Al pie de la Cruz, dispuesta a no separarse del Sacratísimo Cuerpo de su Hijo hasta su sepelio, seguía María, su Madre, única criatura que podía penetrar en los tremendos y consoladores misterios que se estaban realizando.
La ley romana permitía que quedaran los cuerpos de los ajusticiados clavados en cruz hasta su total descomposición, o hasta que fueran devorados por los chacales o las aves de rapiña. La ley judía no consentía pasaran los cadáveres de los crucificados una sola noche en su patíbulo; de otro modo hubiera quedado manchada toda la Tierra Santa.

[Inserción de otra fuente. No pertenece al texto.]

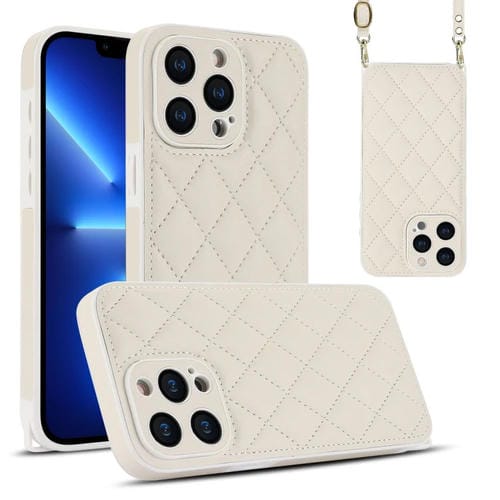 Estuche para teléfono iPhone 13 Pro Textura Rómbica con Cordón Doble (Blanco)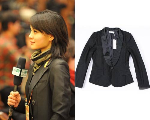 鲜艳的红色西服外套格外喜气,搭配黑色长裤时尚而不失庄重。看更多OL装搭配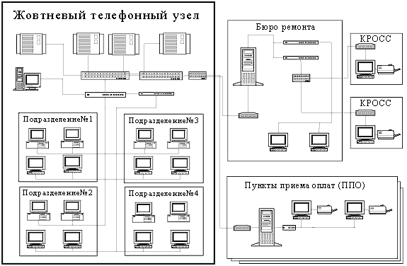 Все рабочие места распределенные по подразделениям, работают с базой данных АБР которая является частью единой распределенной базы данных предприятия. АБР включает в себя несколько служб: "АС АБР" поддерживает деятельность следующих подразделений предприятия электросвязи: - операторы по приему заявок от абонентов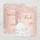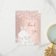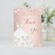En roséguld, rosa gradientbakgrund. Med falskt glitter, gnistrande och en klänning. På framsidan en stor handskriven text och texten: Tack.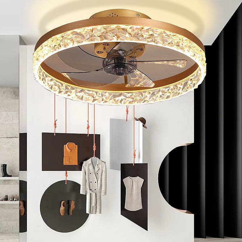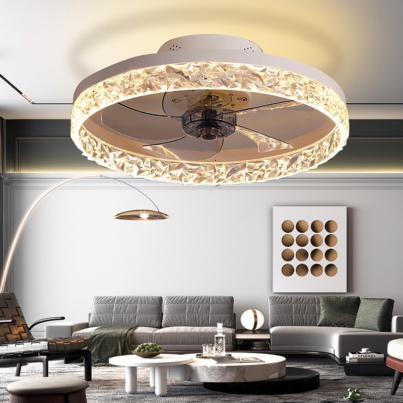 Ceiling Fan with Lights 19.5" Dimmable LED 3 Color 6 Speeds Timing Reversible Blades with Remote Control, Household Fan Chandelier, indoor Low Profile Flush Mount Ceiling Fan 17

El caso de Jesús es más urgente. Con la puesta del sol va a comenzar la gran fiesta pascual, y no pueden quedar los cuerpos en las cruces. Serían las cuatro de la tarde cuando tuvo lugar el episodio que nos refiere lacónicamente San Juan en el texto que sirve de Evangelio para la fiesta de hoy.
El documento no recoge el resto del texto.